The fashion industry is always in a state of flux. Trends are usually the topic of conversation but there is always a nervous wait when a creative director leaves a fashion house. That was certainly the case for Valentino when Maria Grazia Chiuri left to lead the team at Christian Dior, and in one foul swoop she ended her design partnership with Pierpaolo Piccioli. There was some uncertainty as to whether Piccioli would be still suited to the job, with many unsure as to where Chiuri’s role ended and his began. Everyone’s fears were soon put to rest, and the fashion industry breathed a collective sigh of relief after Piccioli unveiled his first solo collection one sunny afternoon at Paris Fashion Week. Spring 2017 has all the hallmarks of a collection inspired by the renaissance, with Piccioli an avid researcher and his mind transforming thoughts of high necklines, peasant dresses and modest hemlines into something more romantic. Hues of blush, magenta, red and rose were the stars of the show, second only to the mouth-watering pink tapestry coat and tan fur coat. As much as I love outerwear, I can’t stop thinking about the dresses.

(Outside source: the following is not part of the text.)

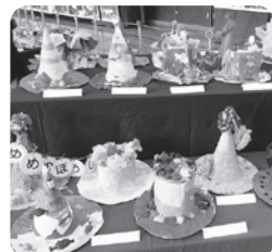
2年 ゆめのぼうし いろいろな形の帽子の上 にカラフルな夢の世界を 表現しています
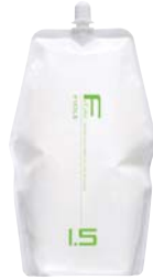
フィヨレ BLカラー OX1.5 第2剤 染毛補助剤 2,000mL 業務用 / 医薬部外品

There are few things in this world more beautiful than a beautifully made dress, something which Piccioli can also appreciate. Motifs borrowed from mother nature, including birds and plants were among the many motifs which graced the runway. From head to toe each model was a vision of simplistic beauty, with pink suede slippers and velvet sandals the shoe of choice. While this might seem inconsequential, it’s not very often flats are shown with eveningwear and even rarer to see a designer at the forefront of such change. Think about it, how social media respond to a celebrity walking the red carpet of the Met Gala in a pair of flats, rather than heels. For many it would be unimaginable, and as inconceivable as the micro-mini crossbody bags that also appeared on the Valentino runway. Each purse is no bigger than a box of cigarettes, which begs the question what kind of woman would carry such a small satchel but in terms of aesthetic, I like many others was completely smitten.

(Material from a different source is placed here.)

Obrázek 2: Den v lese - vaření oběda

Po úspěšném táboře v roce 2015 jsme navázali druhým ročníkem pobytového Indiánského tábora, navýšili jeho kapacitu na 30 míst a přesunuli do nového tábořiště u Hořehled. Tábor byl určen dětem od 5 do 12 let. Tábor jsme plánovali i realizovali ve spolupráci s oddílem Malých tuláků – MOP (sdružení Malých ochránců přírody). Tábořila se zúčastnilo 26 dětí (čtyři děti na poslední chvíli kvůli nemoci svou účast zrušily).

You won’t often hear me applaud a designer on showing constraint- while I recognise that it’s an important dynamic and principle within creative fields, it’s not something which I personally live by. But from what we’ve seen of Piccioli’s first solo collection, we can come to expect great things by way of outlandish outerwear and well-tailored trousers paired with plain white crisp shirts. Whilst many are still discussing the arrival of Maria Grazia Chiuri at Dior, and what to the future holds for the house’s first female creative director let’s not overlook Piccioli. There’s promising signs of growth and maturity (something to be fully expected when one has to bear the brunt of any workload, whatever the industry and occupation). An unexpected element was the influence of British designer Zandra Rhodes, visited by Piccioli and an assistant during the development of Spring 2017. The surprise collaboration saw Valentino integrate prints by Rhodes, who was their showing her support and sitting in the front row. While she is more my cup of tea in terms of crazy patterns and prints, I loved how Piccioli artfully combined the two for Valentino.